Conversion to millimeters, 3D points, OpenNI

Hi,

I have two questions:

  • how to convert the depth that I register to millimeters? The pixel format that I use is set to PIXEL_FORMAT_DEPTH_100_UM and the values coming from sensor are in ushort

  • how to get 3D point coordinates?

Regarding the second question, I have found another thread on forum. According to the code posted there, the conversion looks like this:

    float *data = (GLfloat *)_pointsData.mutableBytes;
    const float *depths = [depthFrame depthAsMillimeters];
    
    for (int r = 0; r < _rows; r++)
    {
        for (int c = 0; c < _cols; c++)
        {
            float depth = depths[r * _cols + c]/1000.0;
            float * point = data + (r*_cols+c)*3;
            point[0] = depth * (c - _cx) / _fx;
            point[1] = depth * (_cy - r) / _fy;
            point[2] = 2.0f - depth;
        }

Where:

#define QVGA_COLS 320
#define QVGA_ROWS 240
#define QVGA_F_X 305.73
#define QVGA_F_Y 305.62
#define QVGA_C_X 159.69
#define QVGA_C_Y 119.86
_fx = QVGA_F_X/QVGA_COLS*cols;
_fy = QVGA_F_X/QVGA_ROWS*rows;
_cx = QVGA_C_X/QVGA_COLS*cols;
_cy = QVGA_C_Y/QVGA_ROWS*rows;

If this code works for iOS Structure SDK, then the only thing needed is the actual conversion from depth to millimeters, which I cannot find in OpenNI SDK.

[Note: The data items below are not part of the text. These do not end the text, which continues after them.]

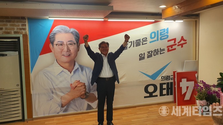 [세계타임즈 = 이진화 기자] 제8회 전국동시지방선거에서 당선으로 재선을 확정지은 무소속 오태완 의령군수 당선자가 3일 해단식을 갖고 기념촬영을 하고 있다.(사진=오태완 당선자 캠프 제공)
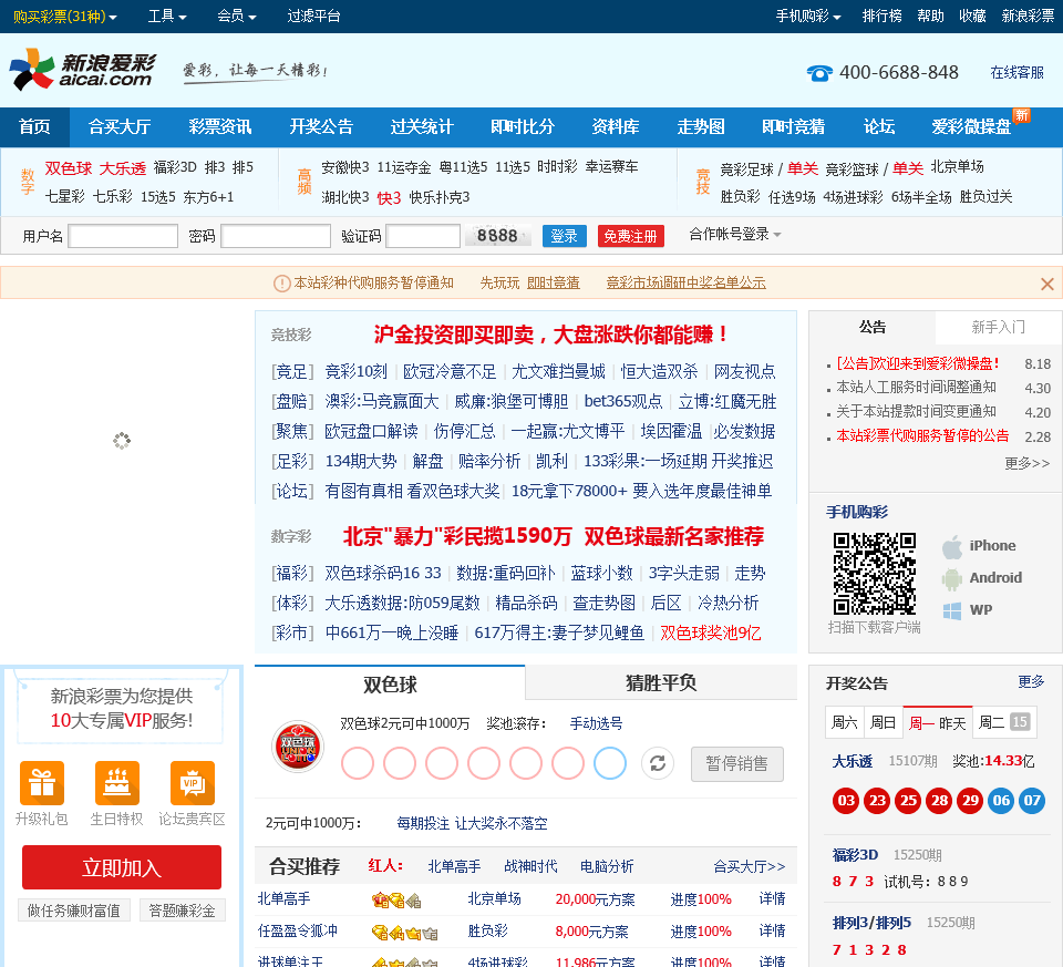 - 网站地址:sina.aicai.com
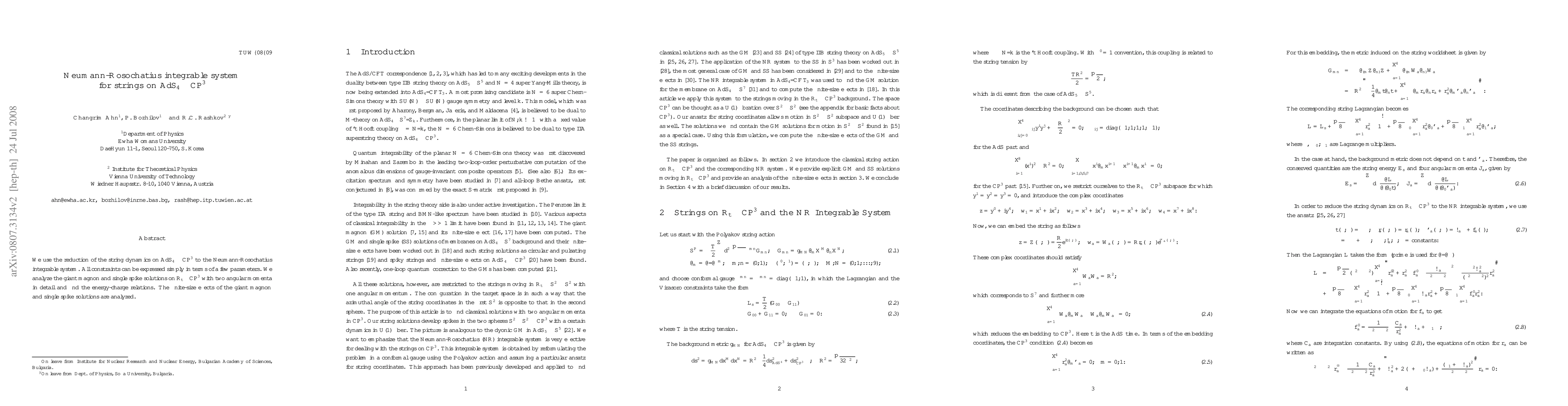 This paper explores the reduction of string dynamics on AdS_4 x CP^3 to the Neumann-Rosochatius integrable system, analyzing giant magnon and single spike solutions with two angular momenta to derive energy-charge relations and study finite-size effects.

Okay, how stupid of me. If I set pixel format to PIXEL_FORMAT_DEPTH_100_UM then the only thing I need to do is divide the depth by 10 and I will have millimeters (as floats). Now the only thing to do is to get intrinsic parameters of the structure sensor for VGA resolution and I will obtain a full point cloud.

Hi phellstein,
I’m working with something very similar.
I’m looking for how we determine the values of the focal lengths, and the focal plane centers.

I would imagine that these values differ slightly for each camera, do you know how to determine these for an individual camera?
Or do these values work for every structure sensor?
I know that each stream(depth and IR) can return their horizontal and vertical field of views, but I’m a bit stuck on converting field of view to focal depth and focal plane center.

Maybe a manual calibration (measuring distance between camera and subject in addition to the x and y lengths of some the subject and backsolving for focal values)is required for high accuracy for each device. Is there a good write up of this conversion model anywhere?
I found this article about using a matrix to transform between depth pixel and 3d point coordinates. But to me it is unclear how exactly to retrieve the z coordinate. While they suggest linear interpolation between the known coordinate at the center of the image and the z coordinate at the edge of of the field of view, this would lose significant accuracy. With the high angle field of view of the structure sensor, a linear interpolation would lose accuracy especially near the camera. So my next thought was using the pythagorean theorem to use the x, y and depth values to find the z coordinate, but that’s a non-linear equation and can’t be simply incorporated into a linear transform. Now that I’m thinking about it, there might be a linear solution using trigonometry…

Anyways, have you come across any particularly good write-ups on the subject?

Thanks,
Andrew